Le moment décisif est la conversation avec le Premier ministre. Tchiroma apprend que si le parti s’est vu offrir un certain nombre de postes, son nom n’y figure pas. Le président Biya veut alors savoir si c’est parce qu’il refuse le poste ou s’il a été mis de côté. L’influence d’un homme d’affaires, “Baba Danpulo”, est à nouveau cruciale. Il lui rappelle que malgré son passé dans l’opposition, le président accepte de le prendre dans son gouvernement et qu’il doit accepter. Tchiroma accepte finalement, posant une seule condition : que le vice-président de son parti, “un véritable architecte”, soit également inclus dans la liste.

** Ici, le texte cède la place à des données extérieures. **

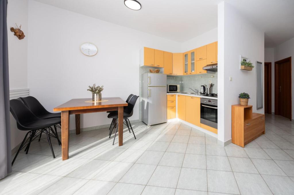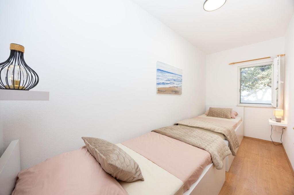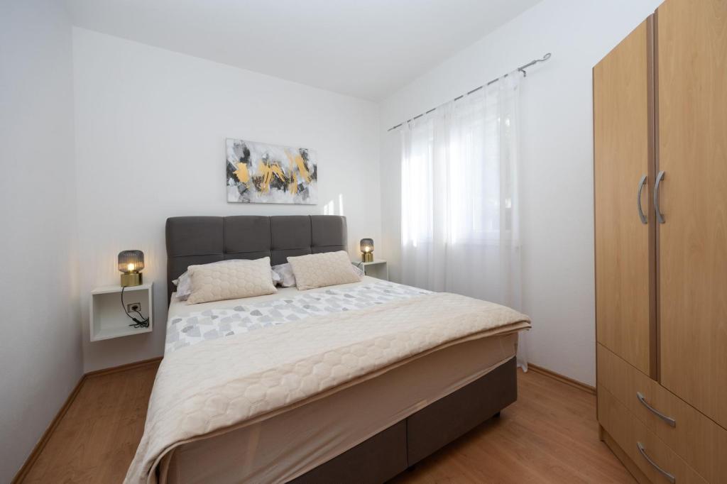 Apartamentele Nela sunt dotate cu camere confortabile, situat pe latura de sud a peninsulei Ciovo. Mai precis, în golful Movarštica. Punctul de vedere se întinde pe insulele Solta și Drvenik. In apropiere este frumosul oraș istoric Trogir, care încântă cu arhitectura și de divertisment ei. In apropiere se afla aeroportul Split, (6 km), orașul Kaštela (6km), Split (33 km). . Petrece vacanța într-un loc liniștit, relaxați-vă și bucurați-vă de mare idilică, mâncarea Bokun bună și un pahar de vin și apă. Apartamentele Nela sunt alegerea ideală pentru tine. Familia Rajcic te nestrepljivo de așteptat!
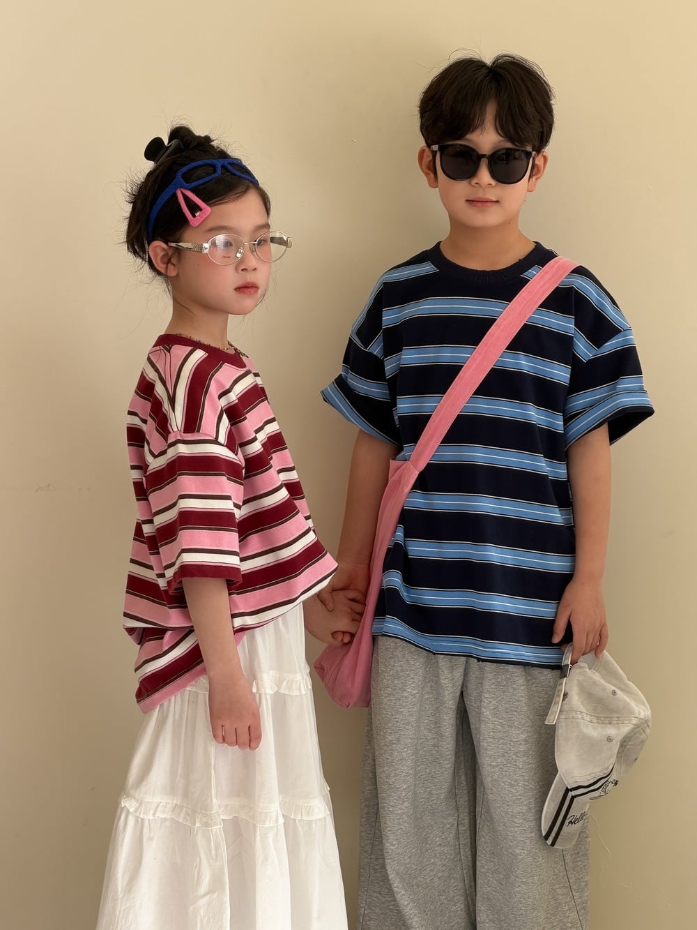 マルチボーダークルーネックTシャツ(ブルー/ピンク)KMAI 2026春|100-160cm|トップス|半袖|ボーダーT [取寄]
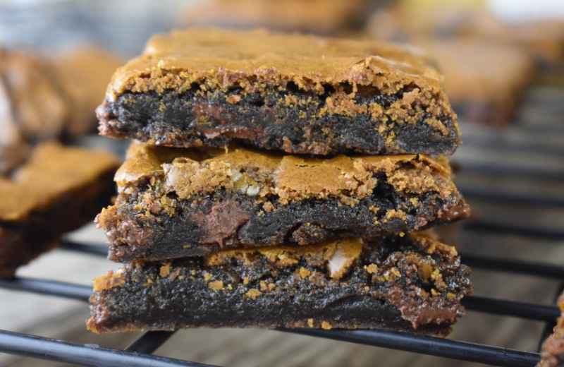 This chocolate chip molasses bars recipe originates from Farm Journal: Homemade Cookies Cook Book.  It’s an oldie but goodie from mom’s bookshelf.  Our dad’s favorite Chocolate No Bake cookies come from this same book.
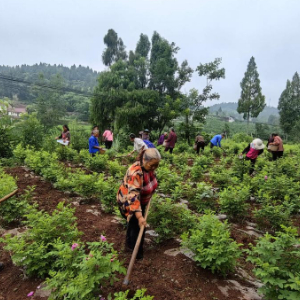 6月5日,记者走进四川省内江市东兴区高梁镇方家沟村,眼前是碧绿的荷塘、飘香的玫瑰、成片的紫苏、大豆、车前草等作物……村民们正趁着雨后泥土松软,在食用玫瑰之间播种大豆。
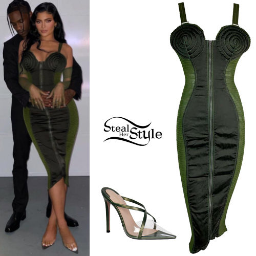 Kylie Jenner stuns in a vintage-inspired look featuring an iconic '87 Jean Paul Gaultier green sheer bandage wiggle dress with its signature cone bra silhouette. She paired the archival piece with sleek Andrea Wazen PVC pumps for a modern, high-fashion finish. This avant-garde ensemble perfectly balances retro couture with contemporary trends.
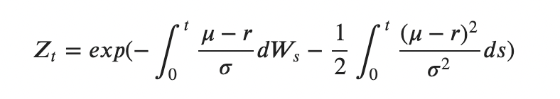 It’s easy to check that the process Zₜ is indeed a positive martingale and satisfies Eᴾ[Zₜ] = 1:
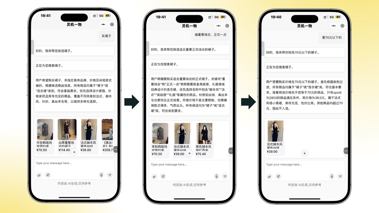 用户起手往往只给出一个大致方向,比如想买裙子的东西,灵机一物会先据此给出一组范围相对宽的候选;随着用户逐步补充颜色、尺寸、使用人群、价格上限等条件,不会每次都从头开始检索,而是根据上下文的语义持续叠加约束,收紧可选空间,同时调整展示的结果。
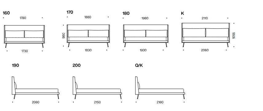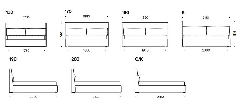 Letto imbottito e rivestito (non sfoderabile) nelle seguenti categorie:
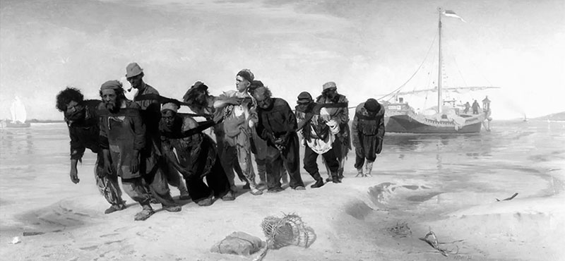 Но жить на что-то нужно, и я снова каждое утро впрягаюсь в эту лямку, как бурлак на Волге, и тащу её дальше. Смотри рисунок: картина Репина «Бурлаки на Волге».
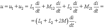 Величина Lэ = (L1 + L2 + 2M) в этом случае представляет собой эквивалентную индуктивность.
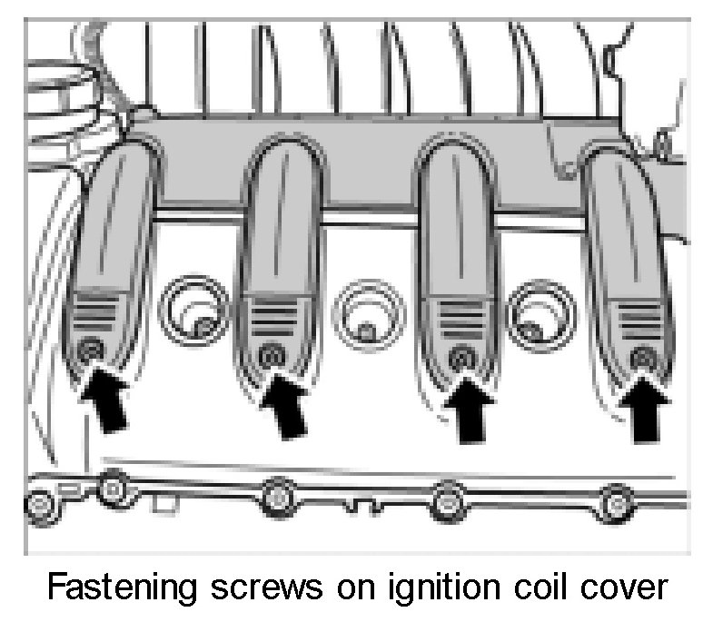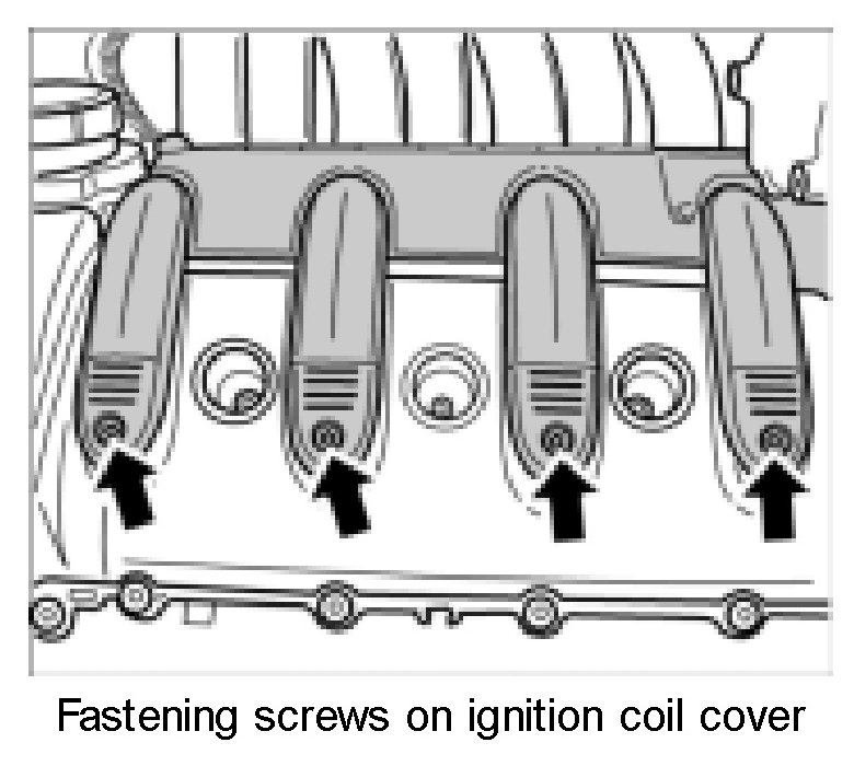 1. Unscrew the 4 fastening screws on the ignition coil cover.
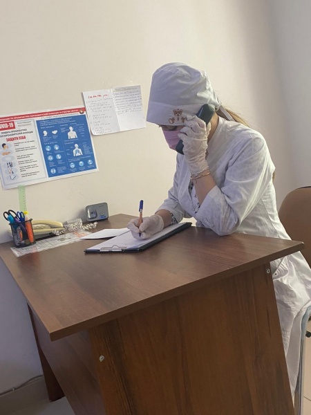 Мутаева Джавгарат Алибаговна ,студентка 4курса 2 группы леч/отд. Проходит практику на скорой "Евро-мед". На фотографии принимает звонки .
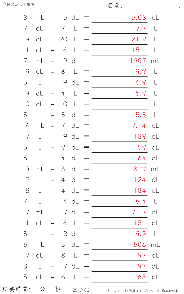 上記のボタンから「容積の足し算」の算数数学ドリル・計算ドリル(PDFプリント)がダウンロードできます。個人利用は無料です(家庭以外での配布は有料です)。
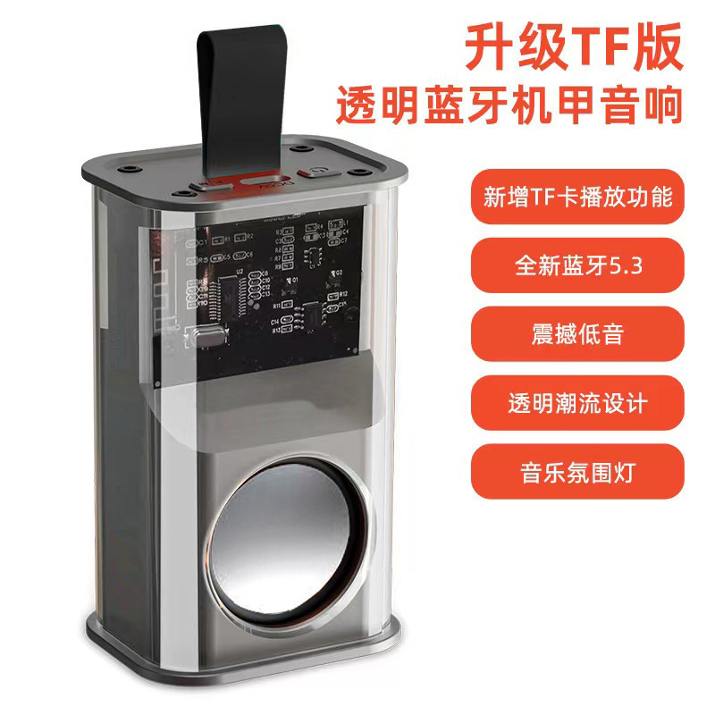 투명한 블루투스 스피커 서브 우퍼 야외 휴대용 홈 데스크탑 미니 메카 작은 강철 총 오디오 분위기 빛
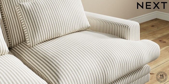 7.0.3 Buy Hutton Deep Relaxed Sit 3 Seater Small Sofa Chenille Stripe Moss Green Country Turned - Light from the Next UK online shop Click here to use our accessible website
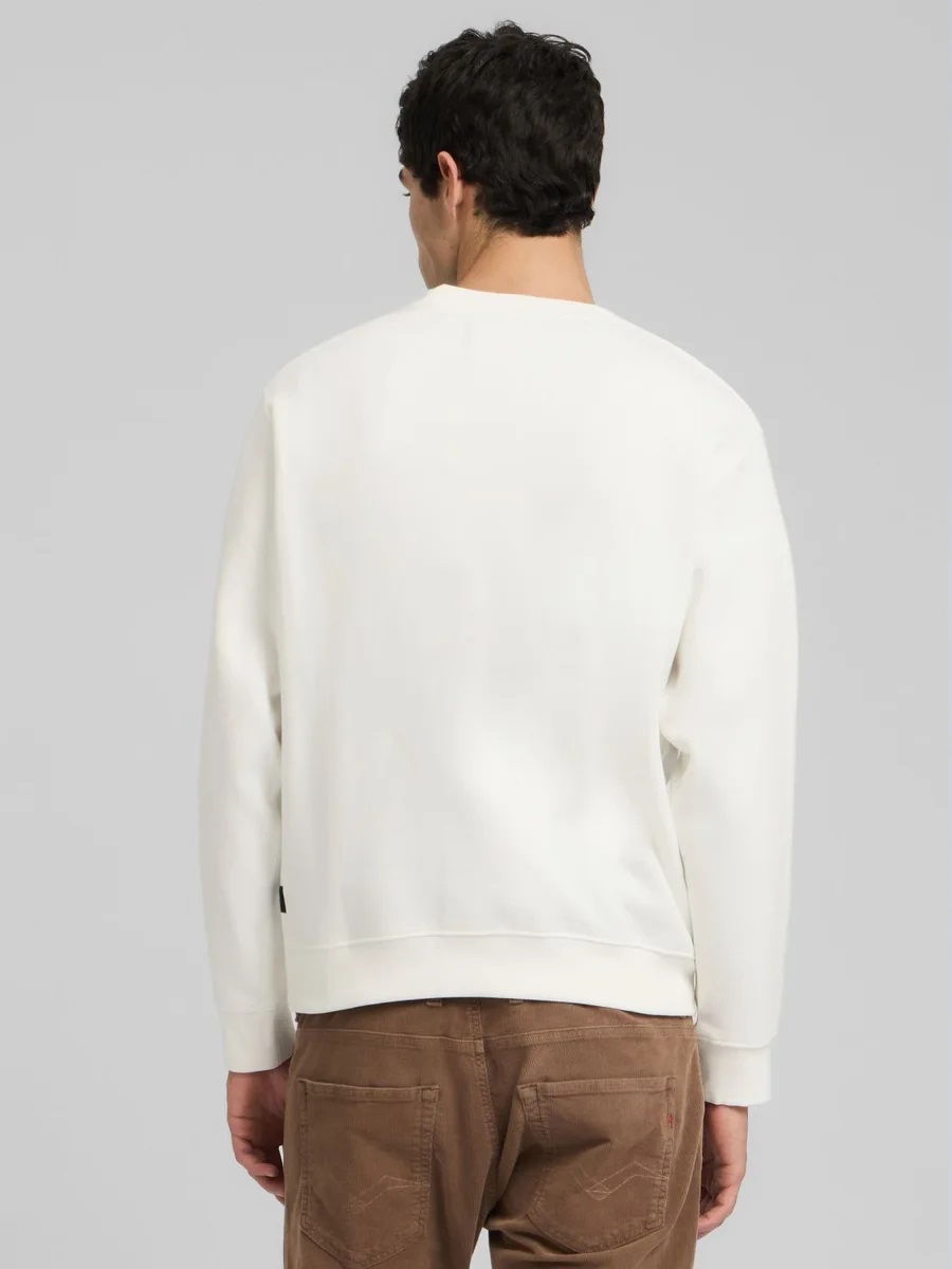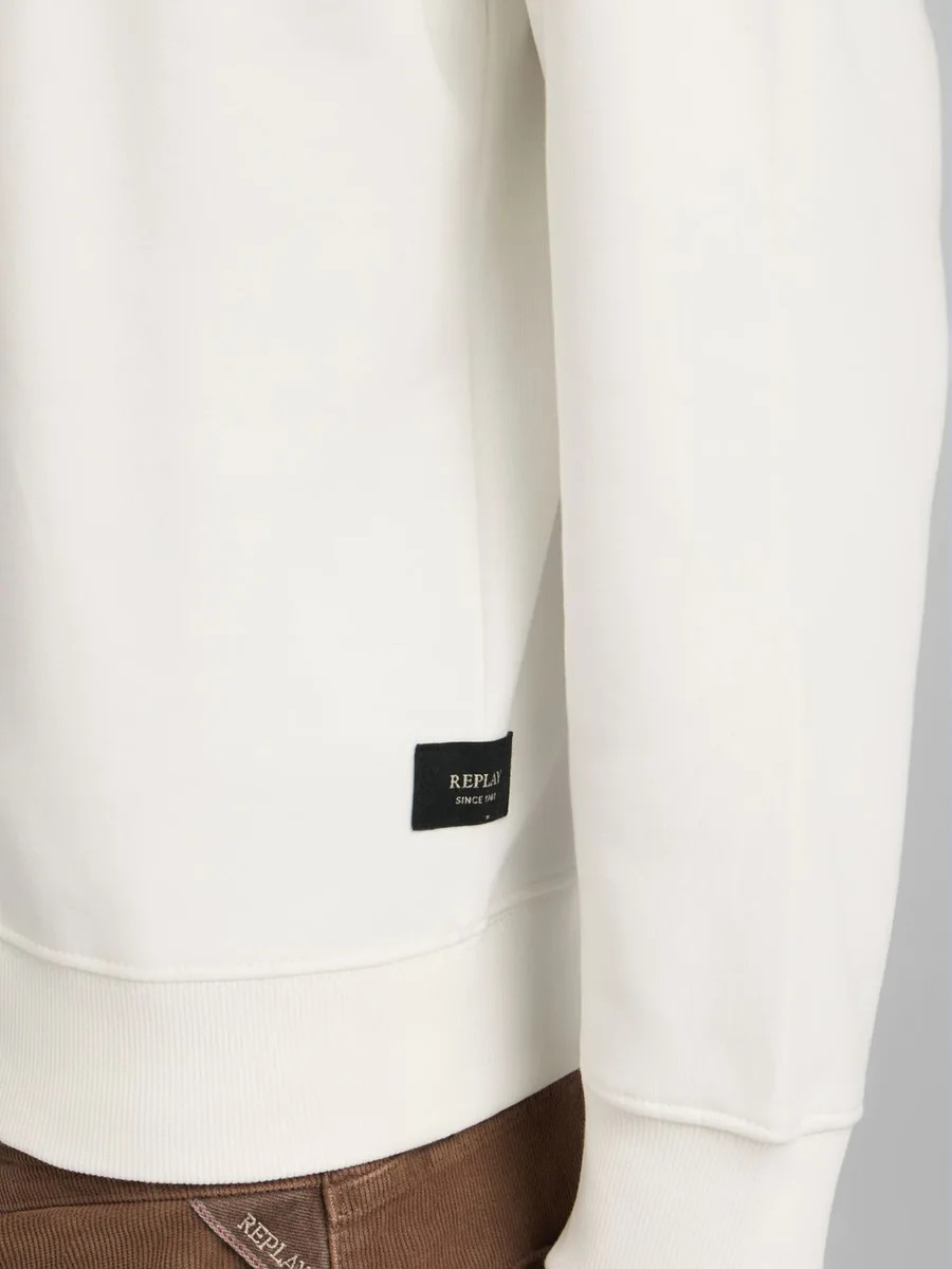Felpa girocollo dalla vestibilità regolare realizzata in misto cotone garzato, garanzia di morbidezza e resistenza. Il modello a maniche lunghe presenta un piccolo inserto triangolare con lavorazione a costine, ripresa anche su girocollo, polsini e fondo capo. Ildesign è completato dall'etichetta Replay sul fianco e dall'emblematico ricamo R sul petto.

Tchiroma, un “outsider” révélateur des arcanes du pouvoir camerounais
Le parcours d’Issa Tchiroma Bakary, cet “outsider” à la fois pro-Biya et révolutionnaire, est un miroir des mécanismes complexes de la politique camerounaise. Son histoire montre comment un leader de l’opposition peut être coopté, obtenant non seulement une place au gouvernement mais aussi un parti politique, grâce à la main tendue du président Paul Biya. Ce récit nous enseigne que le pouvoir ne se gagne pas toujours par la force des urnes présidentielles, mais souvent par des alliances, des négociations discrètes et une compréhension fine du rôle des institutions, notamment l’Assemblée nationale. Pour les jeunes Camerounais et les observateurs de la vie politique panafricaine, l’histoire de 1992 et le chemin parcouru par Issa Tchiroma Bakary restent une leçon d’une pertinence frappante. Elle nous invite à la vigilance et à l’analyse des jeux d’influence qui se déroulent loin des projecteurs, dans le “secret du silence”.